Out of all the elected officials I have known, Lamm has been the most unique.
Perhaps it comes downs to this. I have never met a political leader more open to challenging his own political premises than Dick Lamm.
Because of that I have never known a political leader more willing to challenge his own base of supporters. Usually this is a death sentence in politics. For him it never seemed even a consideration.
I was a kid when he became governor. I never would have thought someday he’d regularly invite me to speak at his University of Denver classes. He’d say to me, “Jon, I am a fanatic about having ideological balance in my class.” This was of course his kind way of saying he asked me to speak to his kids because I was so politically wrong.
So modest in character, his young students never had an idea what an important force he was in state and national politics. I found this very telling about his personality. It was never about him. It was always about ideas and policy.
So maybe the phrase I’ve been looking for is, I have never known a political leader who was so opposite on policy from me — whom I’ve ever respected so much.
We are living in a Colorado that Dick Lamm greatly influenced.
As a state legislator, Lamm carried and passed Colorado’s bill to legalize abortion. This was back in an age when political parties weren’t at each other’s throats. The bill was signed by a Republican governor.

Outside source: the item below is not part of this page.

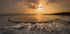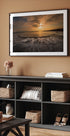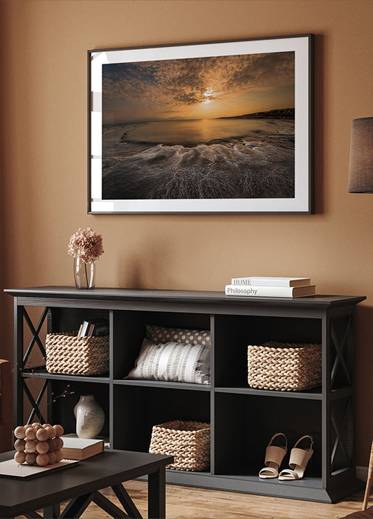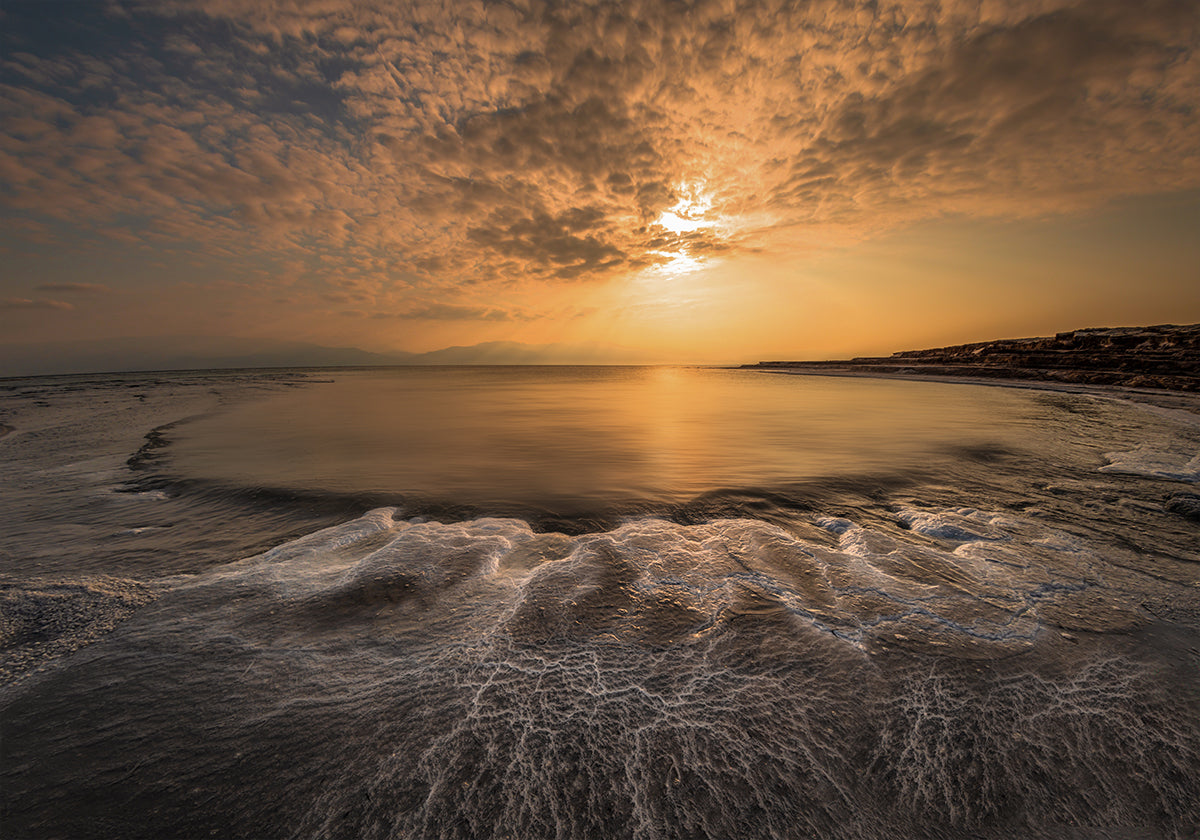 De structuur van zout van Isam Telhami laat het rustige ritme van de zee de ruimte vullen: zachte golven spoelen over het fijne, lichte zandstrand, waar het zout subtiele patronen langs de waterkant trekt. Over de horizon drijven zware wolken in gedempte blauw- en zandkleuren. Een rustig, minimalistisch motief dat uitnodigt tot contemplatie.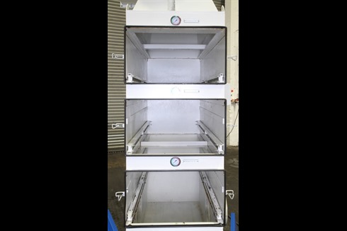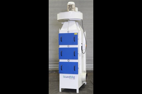 A heavy duty industrial air cleaner for effectively separating oil mists, oil fumes and emulsion mists during continuous operations. There are three filter stages with differential pressure gauges at each step. The first filter is washable, which reduces operating costs.

Even today’s traffic jams have something to do with his policies. Lamm didn’t want large population growth in Colorado. He believed in a policy of “if you don’t build it, they won’t come.” Denver is the only metro area of its size without at least one beltway around it today since he kept killing the idea of C-470, putting his famed “silver spike” through it.
Sadly, they came anyway.
His most famed “if you don’t build it” action was the one that catapulted him into the governorship. As the U.S. Olympic Committee, the world, and of course Colorado’s business community planned the 1976 winter games to be hosted in Colorado, Lamm led a citizens’ initiative to deny them that privilege. Seeing how many states are left holding the financial bag after the circus leaves town, he may have been right.
When the Colorado Olympic idea resurfaced just a few years ago, just the comment from him that he might oppose it again forced them to drop the idea.
He was keen on keeping Colorado, well, Colorado — by keeping the transplants out, both the legal and illegal ones. Warning against the “press one for English” culture that would be costly, he joined Republican icon Tom Tancredo in sounding the alarm over unchecked illegal immigration, something few liberals had the courage to do.
Lamm made decisions he later regretted. Beyond some judicial picks I believe he most regretted his decision to “de-institutionalize” people with severe mental health issues. The idea of mainstreaming these people was seen as a compassionate way to deal with cruelty of institutions. Unfortunately, many of the people weren’t ready for the real world, as we see in the homeless issue today.
Dick was one of the few Democrats who could do math. This led him to worry about the obscene debt spending to which the nation is addicted. Thus, his obsession with health-care costs and his comment about a “duty to die.” He left the world as he preached.
The last time I saw Dick was at the funeral of a mutual friend. He had retired from teaching. I got the strong sense he regretted that. “Think hard before you retire Jon,” he told me.
From a state of pioneers goes one of the great political pioneers, and just a damn good man.